If a developer proposes 50 or 75 percent affordable housing, Reboyras said he’d work with them and negotiate — but 20 percent is too low. Reboyras said he also wants to see a community center and a park, along with a large grocery store, incorporated in the large development.
“One hundred percent [affordable housing] will be very difficult, but I’m standing with the community, and I understand what they’re saying. I’m going to get as much as I can,” Reboyras said.
The city recently put out a bid for proposals for the Belmont Triangle project, inviting developers to reimagine four vacant lots in the heart of Avondale: 3240-84 N. Milwaukee Ave., 3207-47 N. Pulaski Road and 3934-62 W. Belmont Ave.
With the redevelopment, city leaders and Reboyras aim to bring new life to the 4-acre site, an area that for decades was occupied by industrial buildings and businesses but has emptied out in recent years as gentrification has taken hold.
The city has hosted community meetings around the project in recent months, seeking input from neighbors on elements they’d like to see incorporated.

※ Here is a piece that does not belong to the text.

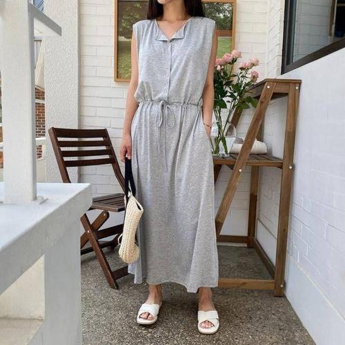 [에이치플러스몰]데님 롱 시사노 셔츠 민소매 쉬폰 뷔스티에 원

Similar city projects have created housing, libraries, health centers and more.
Local activists and youth leaders with Palenque LSNA said they want amenities for the community like a public library, a youth center and a mental health facility, in addition to the affordable housing.
Rents are increasing in the Avondale area, and longtime residents, many of them Latinx and Polish, are being driven out of their homes, community leaders said.

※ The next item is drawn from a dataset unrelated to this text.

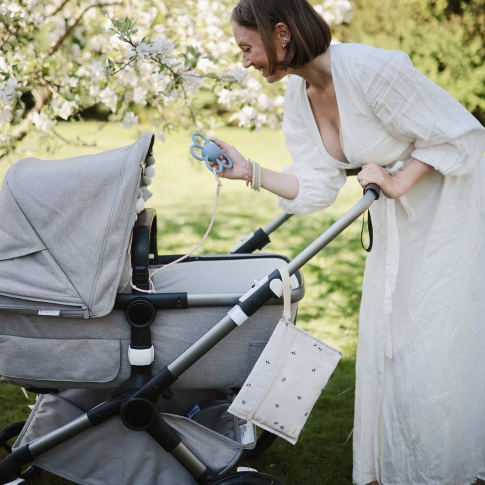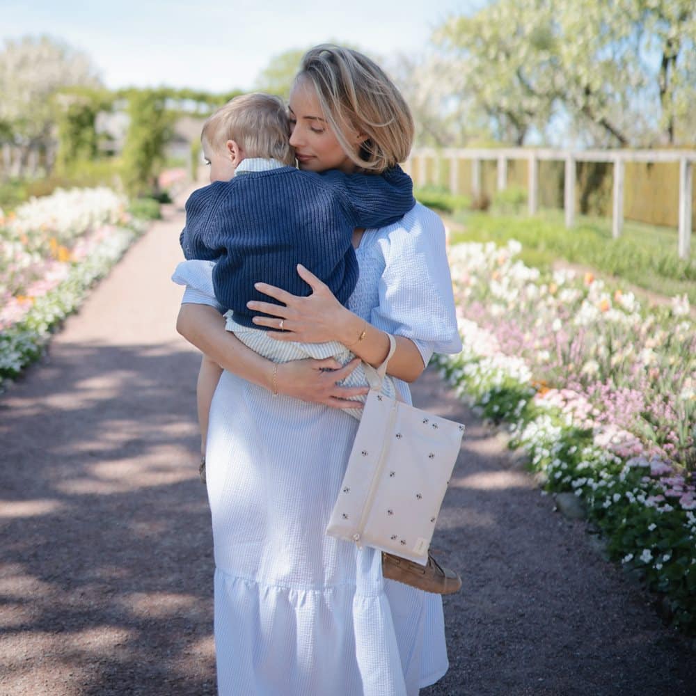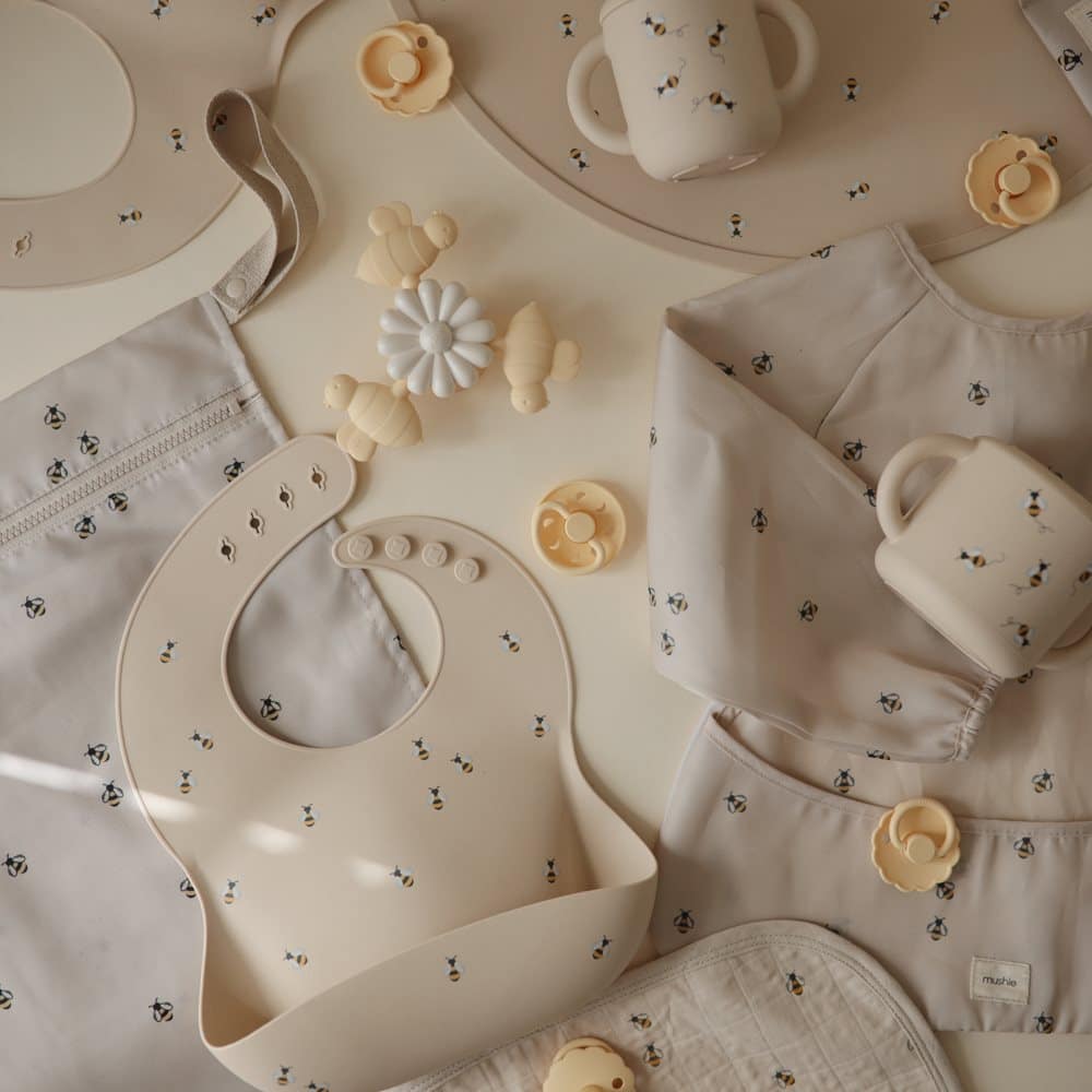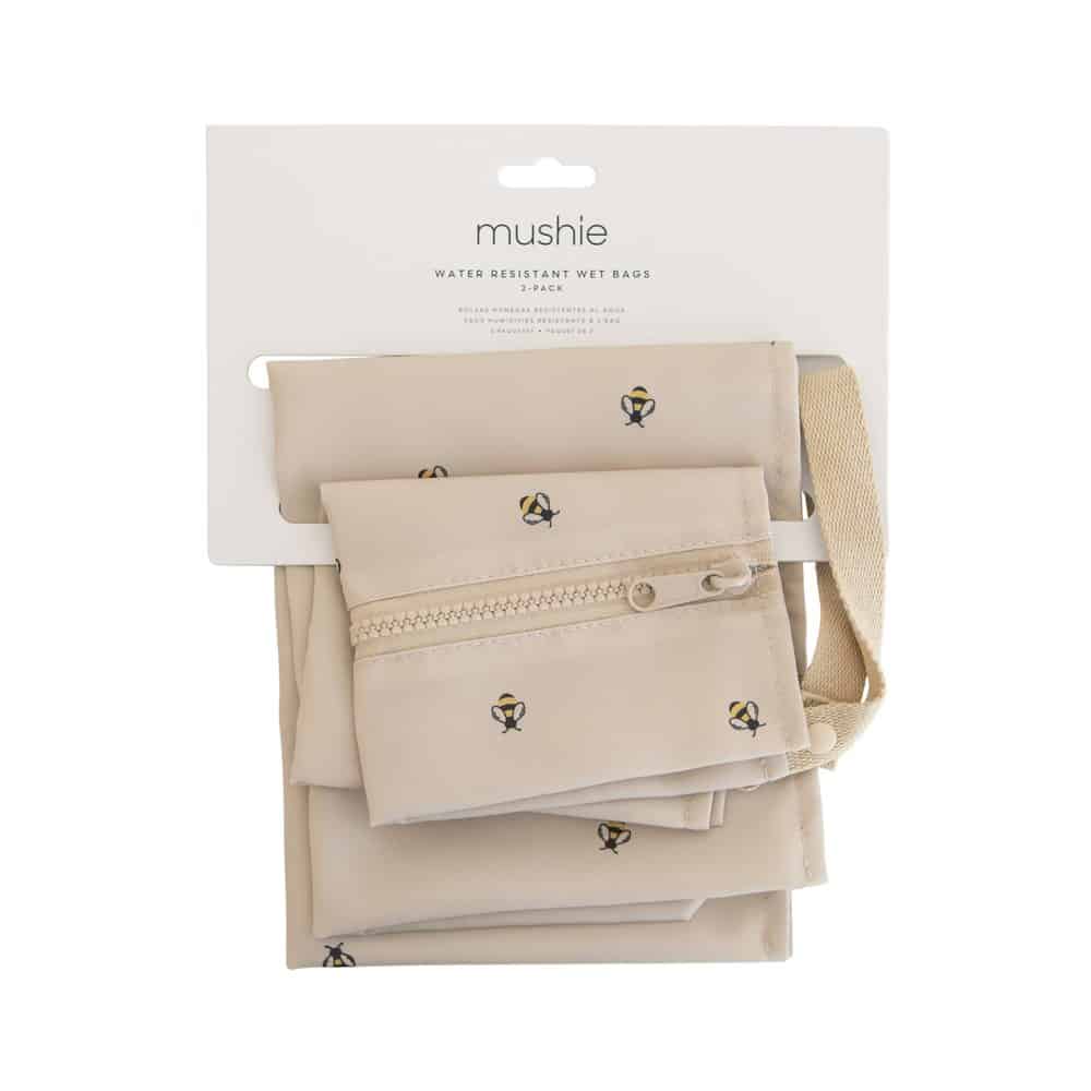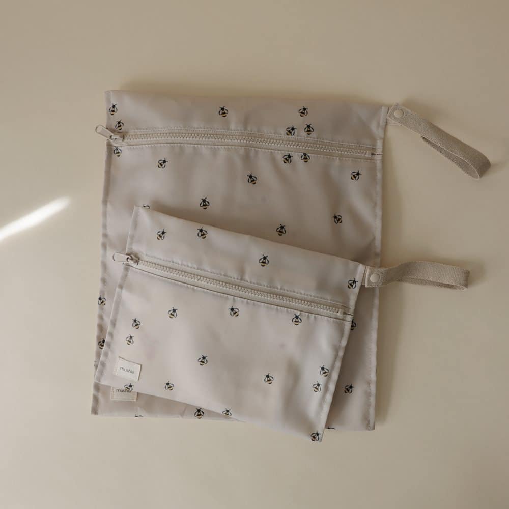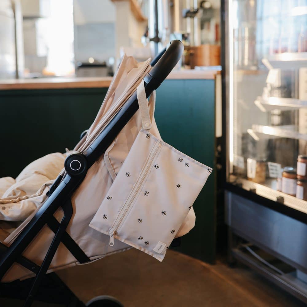 Tieto nepremokavé vrecká sú vybavené zapínaním na zips a sú vyrobené z vodeodolného materiálu, ktorý je možné prať v práčke. Sú navrhnuté tak, aby pomohli zvládnuť neporiadok na cestách. Rúčky majú patentný uzáver na jednoduché zavesenie alebo pripevnenie na kočík. Mäkká neutrálna základňa je zdobená jemným vzorom včely po celej ploche, ktorý dodáva hravý, no nadčasový dizajn, ktorý sa krásne hodí do každodenného rodinného života.

A WBEZ analysis found Avondale lost nearly 5,700 Latino residents between 2021 and 2017, the most of any neighborhood. Gentrification also continues to strip Avondale of its Polish identity, as many Polish residents and businesses have left the neighborhood in recent years.
Augustin Fantauzzi, a youth leader with Palenque LSNA, said his grandmother lives near the Belmont Triangle and is struggling to pay rent and keep up with her bills.
“Many people in Avondale are in the same situation where they can’t pay rent,” Fantauzzi said. “We are asking Ald. Reboyras to stand with us because we are his people, and he has the power to change the way we live.”
Christian Urbano, a youth leader at Palenque LSNA, said he grew up in neighboring Logan Square and watched his “favorite” stores close and neighbors move out in search of cheaper rents — and he doesn’t want other people to experience the erasure of their neighborhood like he has.
“As I walk down the streets of Logan, I don’t see my people or the joy anymore. The bars that replaced mom-and-pop shops remind me that I’m not welcome in my neighborhood,” Urbano said.
It was the second Belmont Triangle rally organized by Palenque LSNA this summer. In June, members of the neighborhood organization and state Rep. Will Guzzardi held a news conference, urging the city to gather more community input before putting out a bid for developers.
Developers have until 4 p.m. Oct. 21 to submit proposals for the Belmont Triangle.
Because all of the parcels are privately owned, the city is not building the project, but rather facilitating redevelopment like it has under Mayor Lori Lightfoot’s Invest South/West initiative.
The city named affordable housing — along with other amenities, including open space, a library and retail — as community priorities in its 54-page request for proposals.
“Milwaukee Avenue has long been a gateway to the Northwest Side. Once a bustling retail and commercial hub, jobs and retail started to leave the area through the late 20th century, causing Avondale to lose population and business vitality. The corridor requires a catalyst to showcase its existing assets and attract new investment that fosters vibrancy and mixed-use activity,” city planners wrote.
A city spokesman didn’t respond to a request for comment Tuesday morning.